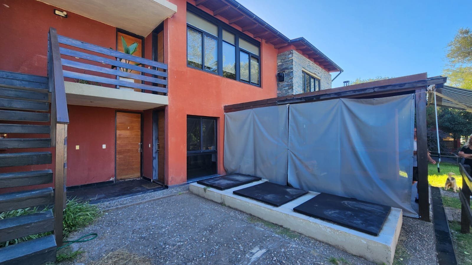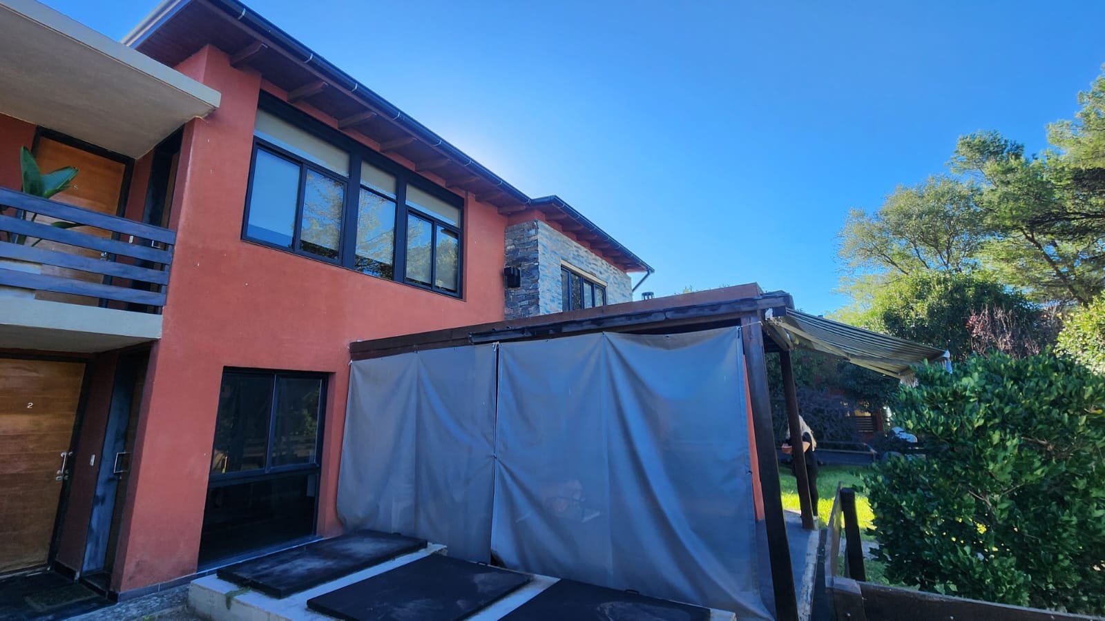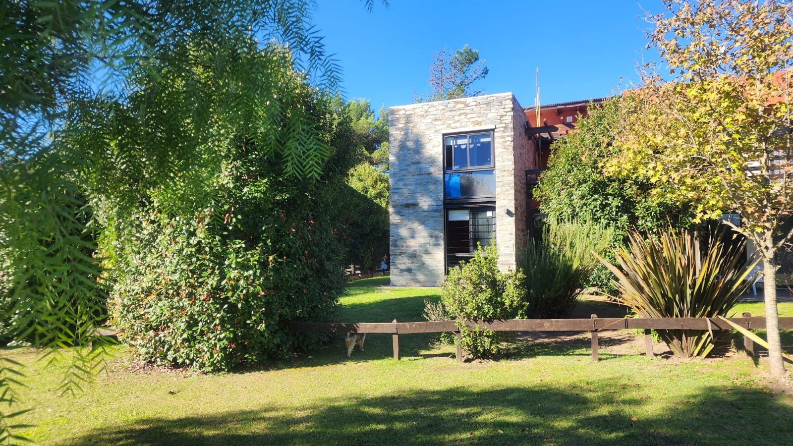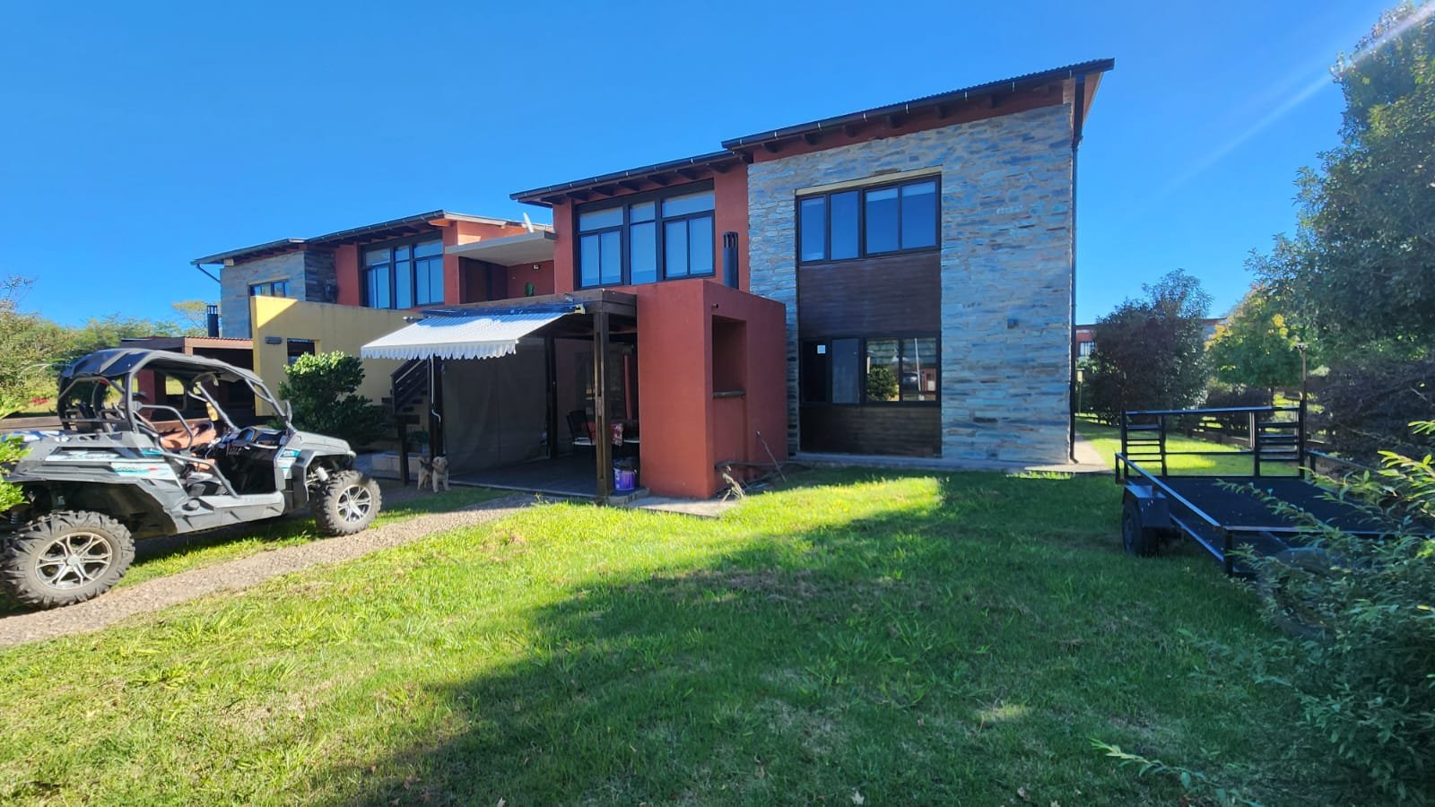 Por fuera hay un deck trasero con piso de quebracho con toldo extensible, igual que la cochera y patio parquizado.
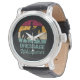 Uhr, Vintage Männeruhr mit schwarzem Lederarmband
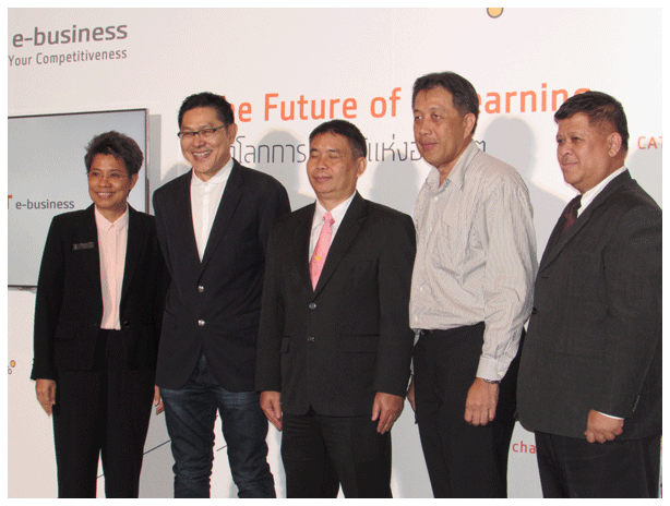 ดร.วิชัย ดีเจริญกุล ผู้ช่วยกรรมการผู้จัดการใหญ่ กลุ่มบริการลูกค้าขายส่งและเอกชน สายงานการตลาด และการขาย บริษัท กสท โทรคมนาคม จำกัด (มหาชน) หรือ CAT กล่าวว่า "เพื่อให้องค์กรภาครัฐและ เอกชนทุกขนาด ที่ต้องการนำเอาระบบ ICT เข้าไปใช้ในองค์กรเพื่อขับเคลื่อนธุรกิจให้มีประสิทธิภาพลดความยุ่งยาก ซับซ้อน ประหยัดเวลา ลดต้นทุนและเพิ่มความปลอดภัยด้วยระบบที่มีมาตรฐานจาก CAT ซึ่ง e-Learning Solutions จะเน้นการให้บริการในรูปแบบศูนย์การเรียนรู้ครบวงจรผ่านระบบออนไลน์ตลอด 24 ชั่วโมง โดย e-Learning Solutions เหมาะสำหรับองค์กรที่ต้องการพัฒนาศักยภาพบุคลากรด้านองค์ความรู้ ทักษะการทำงาน ฝึกอบรมต่างๆ หรืออาจกล่าวได้ว่าเป็นโซลูชั่นสำหรับการเรียนการสอนออนไลน์ที่ช่วยให้ การฝึกอบรมในหน่วยงานหรือองค์กร มีความ สะดวก รวดเร็ว ทันสมัย และมีความปลอดภัยสูง ที่สามารถตอบสนอง ความต้องการการเรียนรู้ทั้งผู้เรียน และ ผู้สอนได้อย่างมีประสิทธิภาพ อีกทั้งสามารถสื่อสารโต้ตอบกันได้ทุกที่ ทุกเวลา ผ่านหลากหลายช่องทางที่ CAT มีให้ บริการ ซึ่งเสมือนเป็นสื่อการเรียนการสอนระยะไกลที่ช่วยให้พนักงานในองค์กรประหยัดเวลาในการเดินทาง เพื่อมา อบรมหรือเรียนหลักสูตรต่างๆ สำหรับการทำงาน เพราะอยู่ที่ไหน ก็สามารถสื่อสารถึงกันได้แบบเรียลไทม์ (Realtime) ซึ่งจะช่วยให้องค์กรต่างๆ ทั้งภาครัฐและเอกชนสามารถ ขับเคลื่อนธุรกิจให้มีความคล่องตัวมากขึ้น ลดต้นทุนด้านเวลา การเดินทาง และยังช่วยเพิ่มศักยภาพของบุคลากร ในการร่วมพัฒนาองค์กรไปสู่ความสำเร็จได้ อย่างมีประสิทธิภาพ อันเป็นการยกระดับองค์กรไปสู่ความได้เปรียบ ทางการแข่งในระดับสากล" |
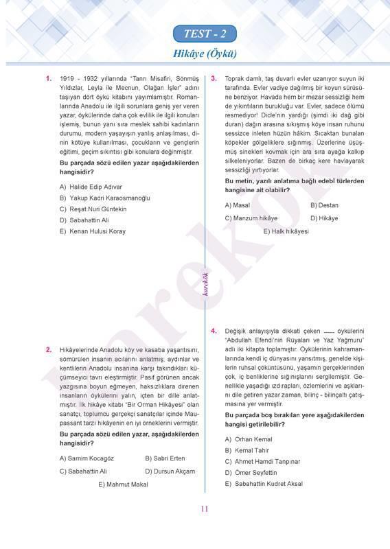 AYT Cumhuriyet Dönemi Türk Edebiyatı Soru Bankası Karekök Yayınları
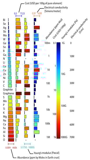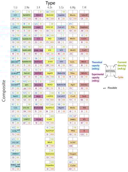 Figure 4 illustrates the abundance of the Earth’s crust, costs, Young’s modulus, and the electrical conductivity of raw materials used in commercial and prototype batteries. Na, K, Zn, Ca, Mg, and Al are promising materials for batteries since they are more abundant than Li. In addition, the costs of these abundant materials are lower than the costs of Li. Although in most batteries, the materials are used in the form of compounds instead of elements as presented in the Figure, identifying all compounds is challenging. Therefore, the elements that are used to create the compounds were selected. These results suggest that battery costs can be reduced using abundant and cheaper materials for manufacturing. Young’s modulus is a mechanical property that refers to the ratio of stress to a strain of a material. Figure of merit (fFoM) of materials flexibility exposes that a small Young’s modulus provides a high flexibility, being a critical parameter in guiding an appropriate selection of materials for the design of flexible batteries [,]. Finally, high electrical and ionic conductivity are crucial to promote electron transference, determining the rate performance in batteries [].
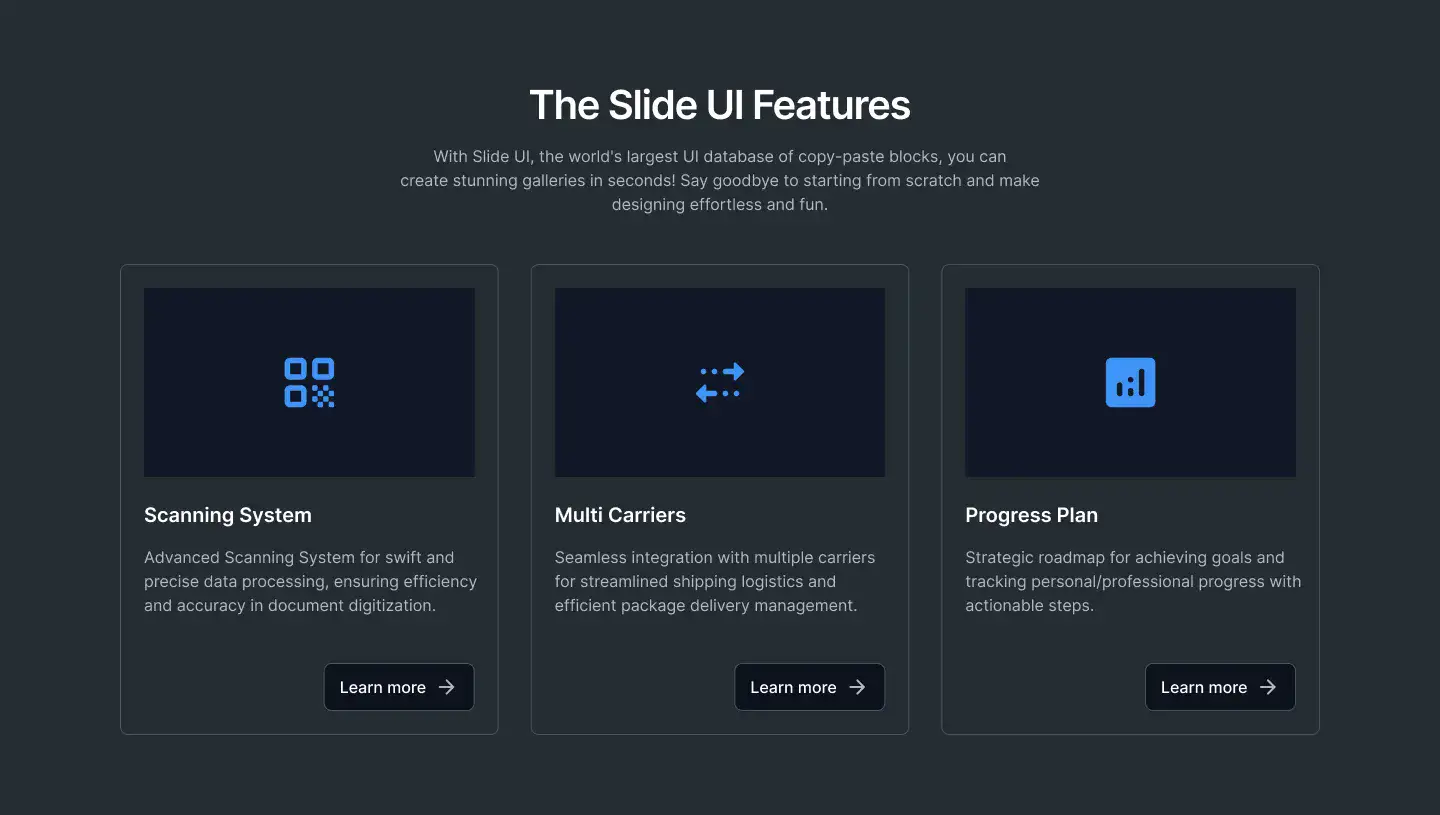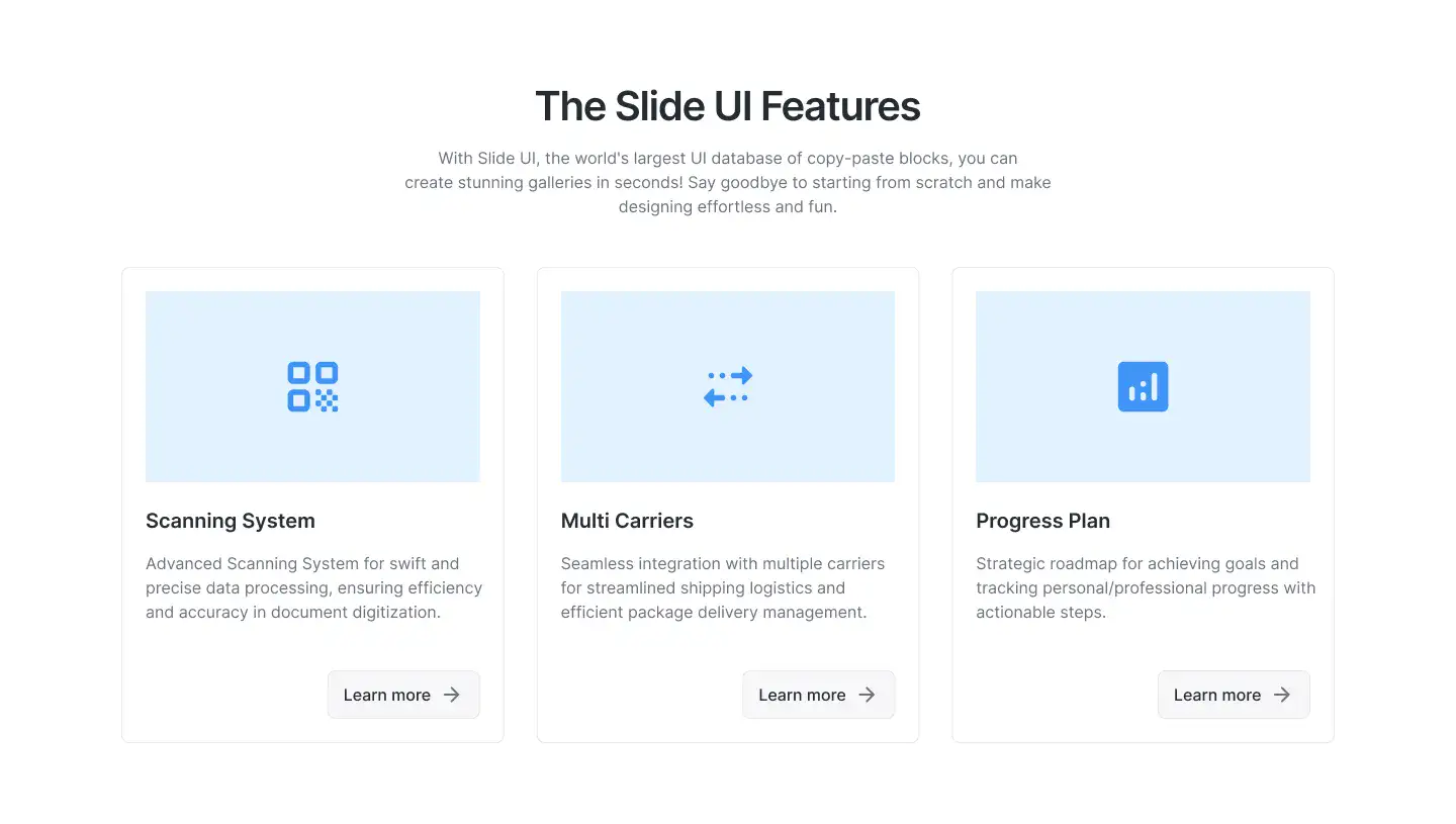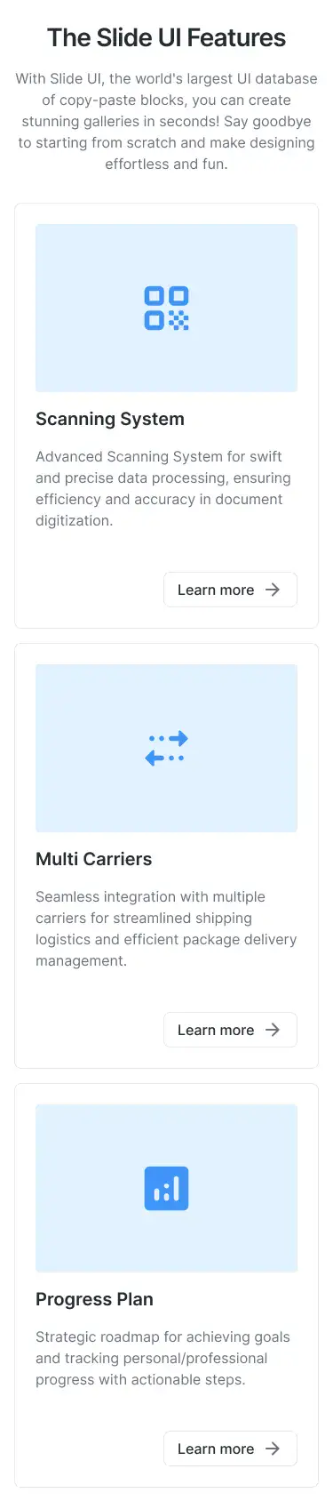 Grid or column-based layouts to highlight your best product features — fast, skimmable, and easy to reuse.
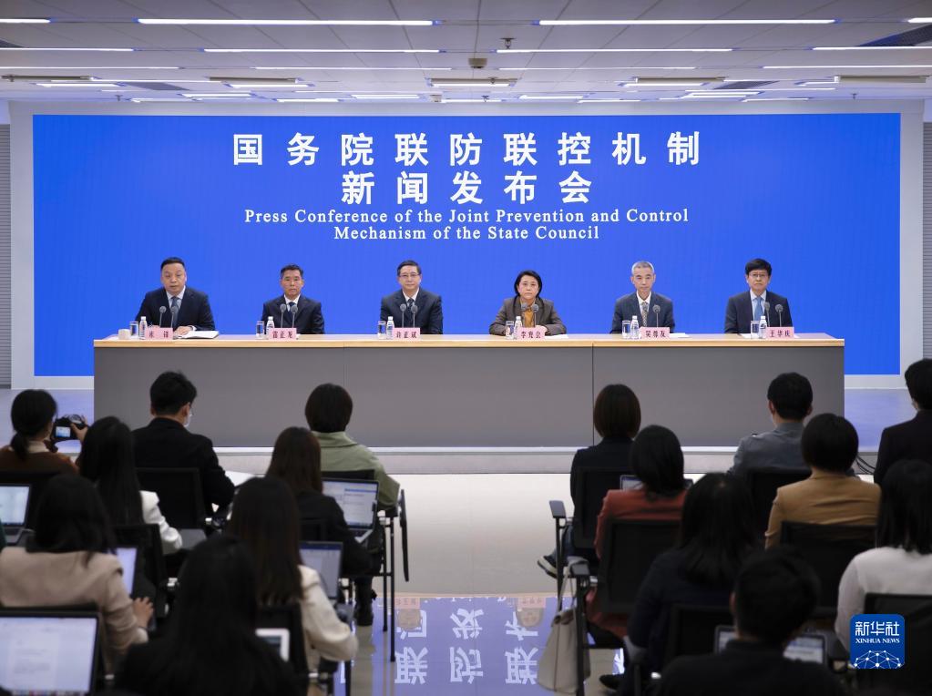4月12日,國務(wù)院聯(lián)防聯(lián)控機制在北京召開(kāi)新聞發(fā)布會(huì ),國家發(fā)展改革委、商務(wù)部、國家衛生健康委相關(guān)司局負責同志和有關(guān)專(zhuān)家出席,介紹從嚴從實(shí)抓好疫情防控工作有關(guān)情況,并回答媒體提問(wèn)。新華社發(fā)(楊佳 攝)
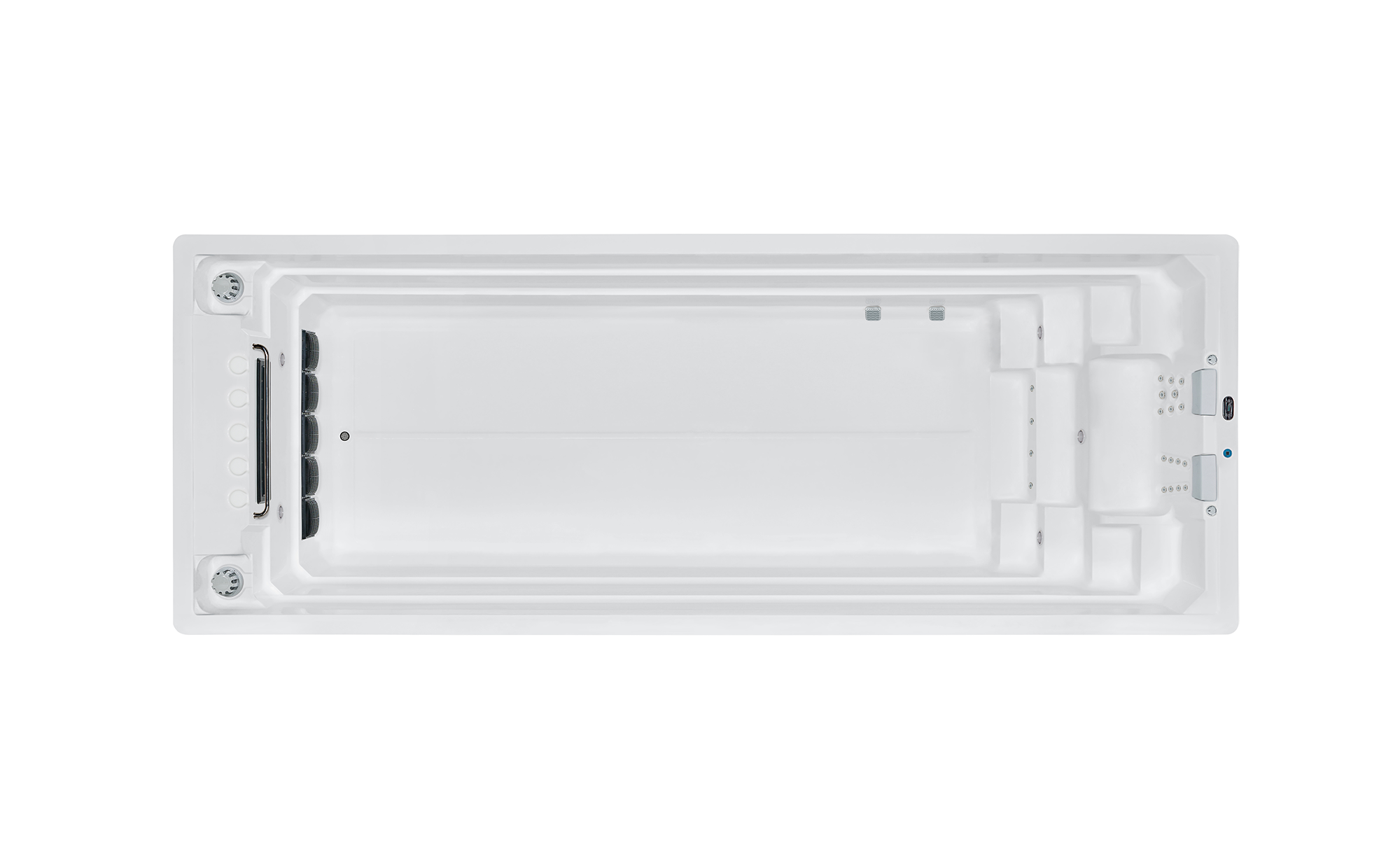 Премиальный дизайн бассейнов создаёт впечатление современного, технологичного и дорогого продукта. Лаконичные формы, изысканная отделка и эргономика чаши подчёркивают, что перед вами оборудование высокого уровня, рассчитанное на долгую эксплуатацию без компромиссов.
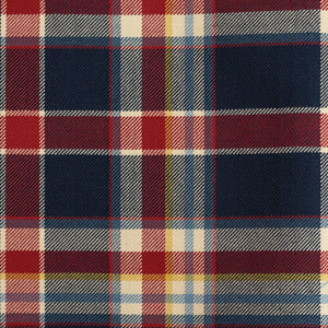 Toot toot, all aboard, we're going on an adventure with this fabric! Cute stripes of sky blue, buttercup yellow, strawberry red and navy overlap an off-white background with this playful tartan. A wonderful choice for everyday and occasional upholstery, cushions and curtaining.

= WHAT YOU SHOULD DO =
Hand back the exact lines from the start of the entries to the line with "Uhr, Vintage Männeruhr", both ends kept and pictures left out.

= ANSWER BELOW =
 Por fuera hay un deck trasero con piso de quebracho con toldo extensible, igual que la cochera y patio parquizado.
 Uhr, Vintage Männeruhr mit schwarzem Lederarmband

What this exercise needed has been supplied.